Und jetzt hatte ich hier schon eine Menge Text stehen, in dem ich von meinem bisherigen Tag erzählt habe - und wie Sie sehen, sehen Sie nichts. Ich hab ihn nämlich gelöscht. Mangels Qualität. Genügt heute nicht meinem Anspruch.

So ist das heute mit mir. Ich zweifle an allem:

Am Wetter. Obwohl die Sonne scheint, und es draußen warm ist, traue ich mich nicht ohne Jacke raus. Die ich dann blöd und sinnlos schwitzend mit mir rumschleppe.
An der Ruhe, die mein Kind ausstrahlt. Ist er nicht vielleicht doch krank, oder auf dem Weg zu einer Krankheit?
An meinem Buch. Gestern Nacht habe ich bis um ein Uhr korrigiert, geändert und formatiert. Meinem Mann eine Epub-Version geschickt, zum Testen. Erfahren, das Formatierungsregeln nicht übernommen wurden und er hat Fehler entdeckt.

Ich hasse es.

Jede beschissene Rechtschreibprüfung markiert irgendetwas anderes im Text an. Der (online) Duden reagiert manchmal gar nicht (ich heiß Duden, Kommas sind mir egal!), und auch beim dreihundertsten Mal des Lesens entgehen mir Fehler.

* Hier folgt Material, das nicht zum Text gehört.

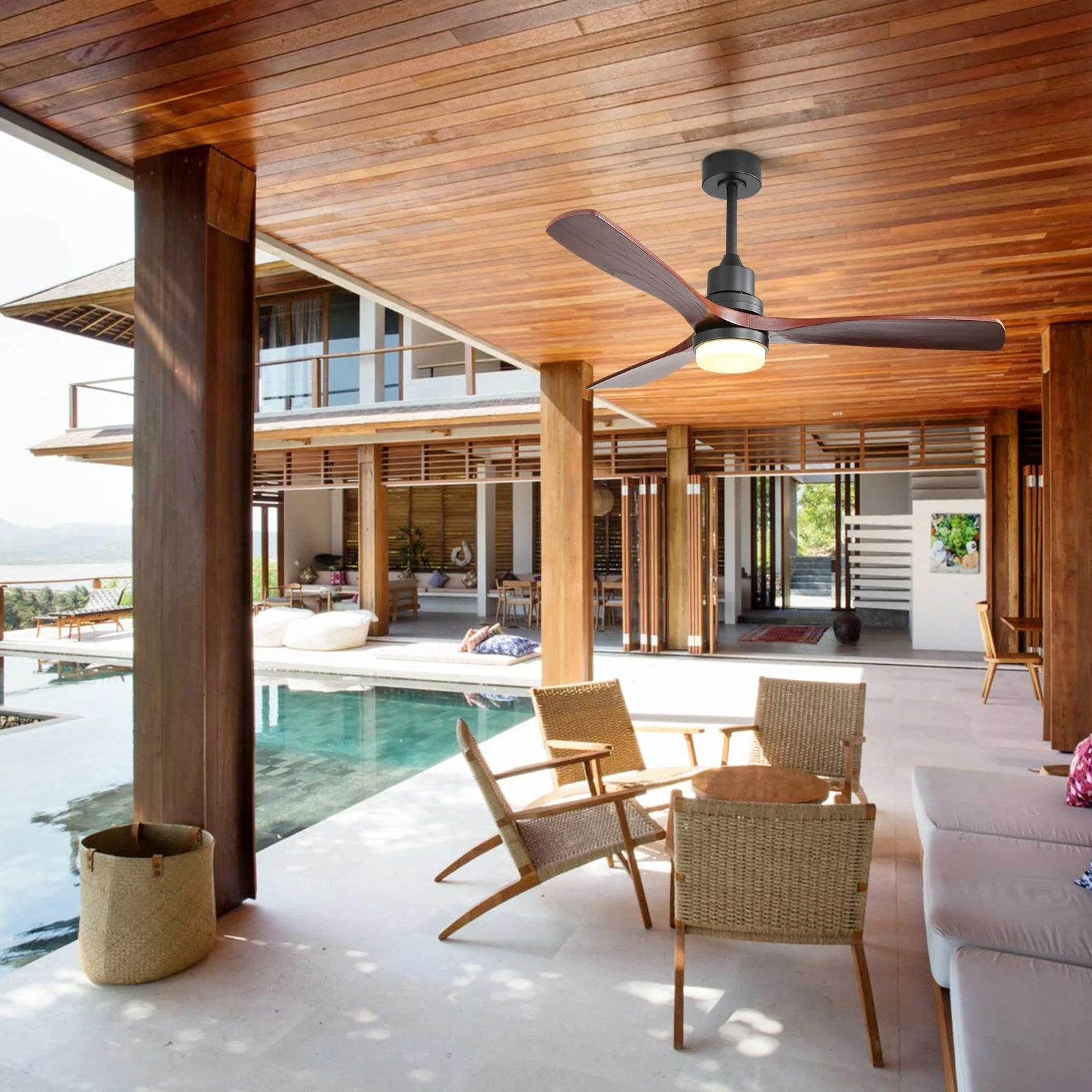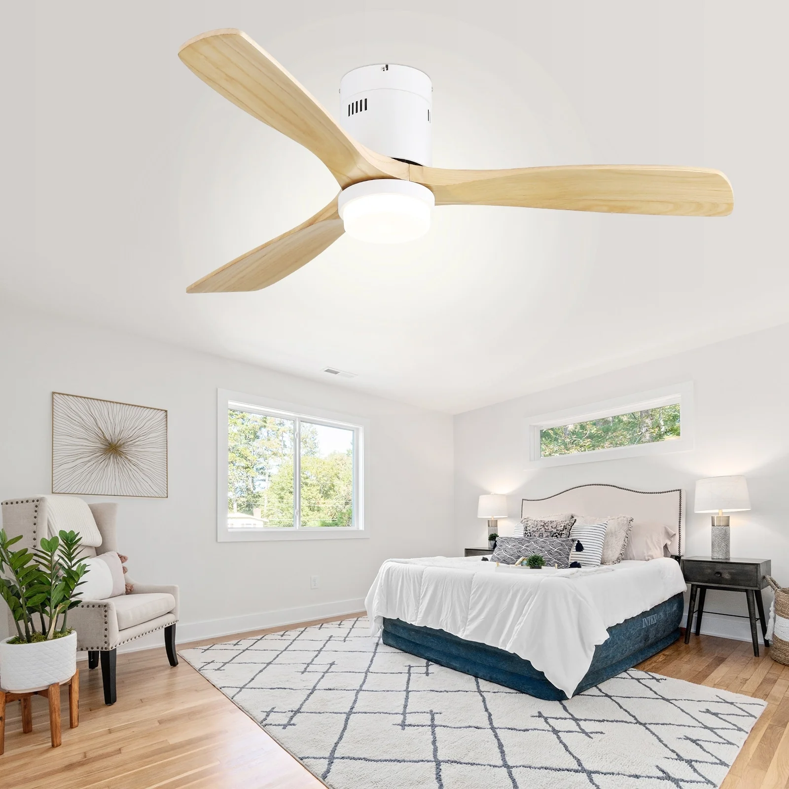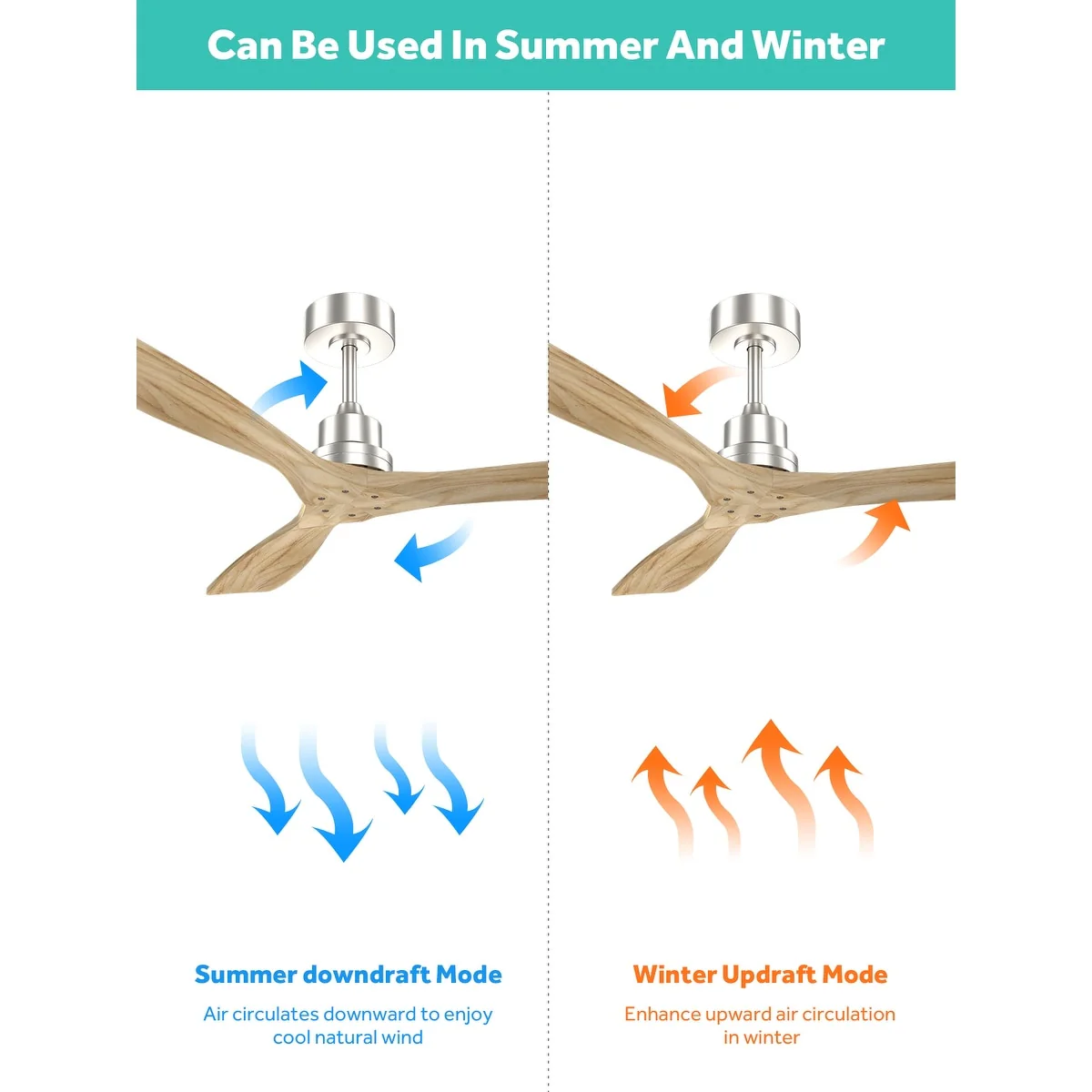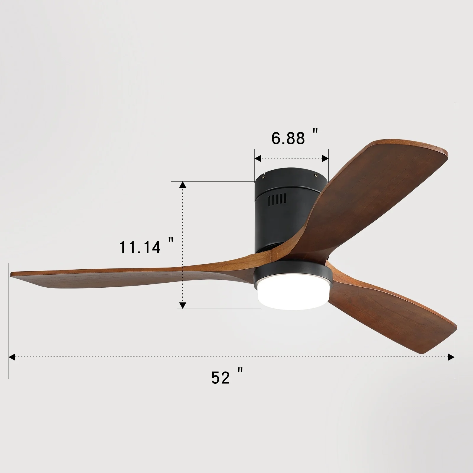 Sofucor 52" Indoor Wood Ceiling Fan Light with Remote, Integrated Light Optional

Ich mag nicht mehr. Gar nicht mehr.

Wer kam eigentlich auf den blöden Gedanken, das Buch allein veröffentlichen zu wollen? Ich weiß es. Aber ich sag´s nicht.

Bis dahin, liebe Grüße, Sia

P.S. .... und wenn Sie hier Fehler finden: Ich darf das. Das ist mein Blog. Hier schreibe ich so, wie ich will!